|Nutritional Guidelines (per serving)|
|Servings: 12 3-in pancakes (4-6 servings)|
|Amount per serving|
|% Daily Value*|
|Total Fat 4g||5%|
|Saturated Fat 1g||6%|
|Total Carbohydrate 21g||8%|
|Dietary Fiber 2g||9%|
|*The % Daily Value (DV) tells you how much a nutrient in a food serving contributes to a daily diet. 2,000 calories a day is used for general nutrition advice.|
These savory broccoli pancakes are a versatile snack or meal component. They can be served in a stack with a fried egg on top for brunch, or in place of cornbread or muffins alongside soup or stew. They make a great snack, dipped in warm marinara sauce or savory yogurt dip. Or they can be made in tiny rounds and topped with a dollop of herbed goat cheese or a morsel of smoked salmon for an appetizer.
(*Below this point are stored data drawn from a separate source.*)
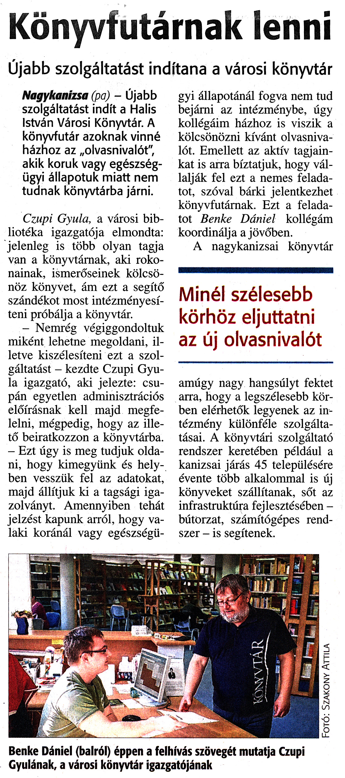 Nyilvános 1806 | 3263 | Zalai Hírlap 2017. március 16. 63. szám 4. oldal | Könyvfutárnak lenni Újabb szolgáltatást indítana a városi könyvtár Nagykanizsa (pa) - Újabb szolgáltatást indít a Halis István Városi Könyvtár. A könyvfutár azoknak vinné házhoz az „olvasnivalót", akik koruk vagy egészségügyi állapotuk miatt nem tudnak könyvtárba járni. Czupi Gyula, a városi bibliotéka igazgatója elmondta: jelenleg is több olyan tagja van a könyvtárnak, aki rokonainak, ismerőseinek kölcsönöz könyvet, ám ezt a segítő szándékot most intézményesíteni próbálja a könyvtár. - Nemrég végiggondoltuk miként lehetne megoldani, illetve kiszélesíteni ezt a szolgáltatást - kezdte Czupi Gyula igazgató, aki jelezte: csupán egyetlen adminisztrációs előírásnak kell majd megfelelni, mégpedig, hogy az illető beiratkozzon a könyvtárba. - Ezt úgy is meg tudjuk oldani, hogy kimegyünk és helyben vesszük fel az adatokat, majd állítjuk ki a tagsági igazolványt. Amennyiben tehát jelzést kapunk arról, hogy valaki koránál vagy egészségügyi állapotánál fogva nem tud bejárni az intézménybe, úgy kollégáim házhoz is viszik a kölcsönözni kívánt olvasnivalót. Emellett az aktív tagjainkat is arra bíztatjuk, hogy vállalják fel ezt a nemes feladatot, szóval bárki jelentkezhet könyvfutárnak. Ezt a feladatot Benke Dániel kollégám koordinálja a jövőben. A nagykanizsai könyvtár Minél szélesebb körhöz eljuttatni az új olvasnivalót amúgy nagy hangsúlyt fektet arra, hogy a legszélesebb körben elérhetők legyenek az intézmény különféle szolgáltatásai. A könyvtári szolgáltató rendszer keretében például a kanizsai járás 45 településére évente több alkalommal is új könyveket szállítanak, sőt az infrastruktúra fejlesztésében -bútorzat, számítógépes rendszer - is segítenek. Benke Dániel (balról) éppen a felhívás szövegét mutatja Czupi Gyulának, a városi könyvtár igazgatójának |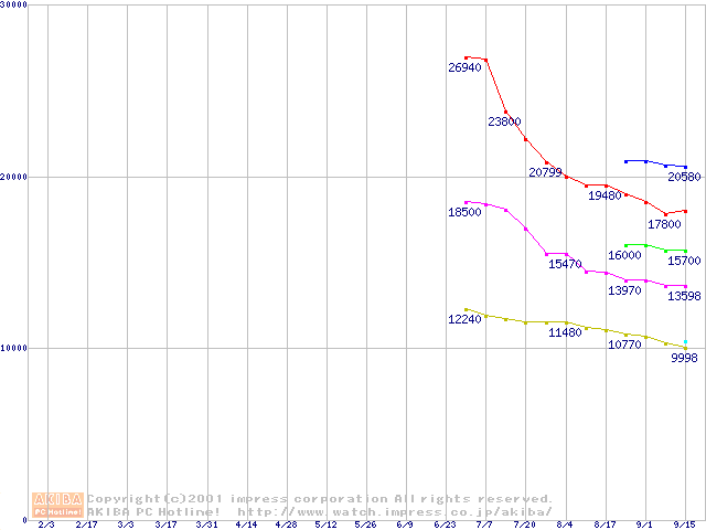 | [↑前グラフ]: | DiamondMax Plus 60 (7,200rpm Ultra ATA/100)の最安値推移 |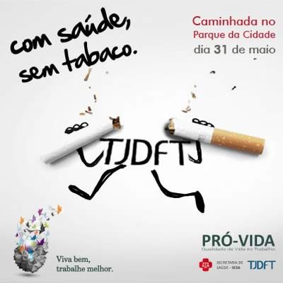Neste domingo, 31 de maio, o TJDFT promove, por meio do PRÓ-VIDA – Programa de Qualidade de Vida no Trabalho, caminhada em comemoração ao “Dia Mundial sem tabaco” em parceria com a Coordenação de Tabagismo da Secretaria de Saúde do DF. O evento acontece às 9h, no estacionamento 13 do Parque da Cidade, conhecido como estacionamento da administração. No local de concentração da caminhada, haverá um professor de tai chi chuan, ações educativas e exames preventivos.

If you like savory pancakes, be sure to also check out the recipe for savory Corn Pancakes.
Cooking Equipment Needed: Garlic tool, chef's knife, cutting board, measuring cups, measuring spoons, liquid measuring cup, blender (one to try: Blendtec Designer Series 625), electric or stovetop griddle or large nonstick skillet (Try the Presto Cool Touch Electric Griddle or the Swiss Diamond Double Burner Griddle), turning spatula
- 1 cup broccoli florets (fresh)
- 1 clove garlic (minced)
- 1 shallot (coarsely chopped)
- 1 cup all-purpose flour
- 1 teaspoon baking powder
- 1/2 cup milk (whole)
- 1 egg
- 1 tablespoon parsley (roughly chopped fresh)
- 5 fresh chives
- 1/2 teaspoon salt (Kosher)
- 1/8 teaspoon black pepper
- Butter, for griddle or pan
Place the broccoli, garlic, and shallot in a blender and pulse until it’s finely chopped. Add the flour, baking powder, milk and egg. Run the blender on medium speed just until all the ingredients are combined into a thick batter. Add the parsley, chives, salt and pepper and pulse until the parsley is mixed into the batter.
Heat a skillet or griddle and coat the cooking surface with butter. Spoon about 2 tablespoons batter for each pancake onto the griddle. Cook for about 3 minutes, until the underside is lightly browned, then flip and cook for 2 minutes more. Transfer to a paper towel lined plate and keep warm under aluminum foil until all the pancakes are made. Serve warm or at room temperature.
Note: For a savory yogurt dip, combine one cup of plain yogurt with 1 teaspoon minced fresh chives, 1/4 teaspoon garlic powder and 1/4 teaspoon kosher salt. Mix well.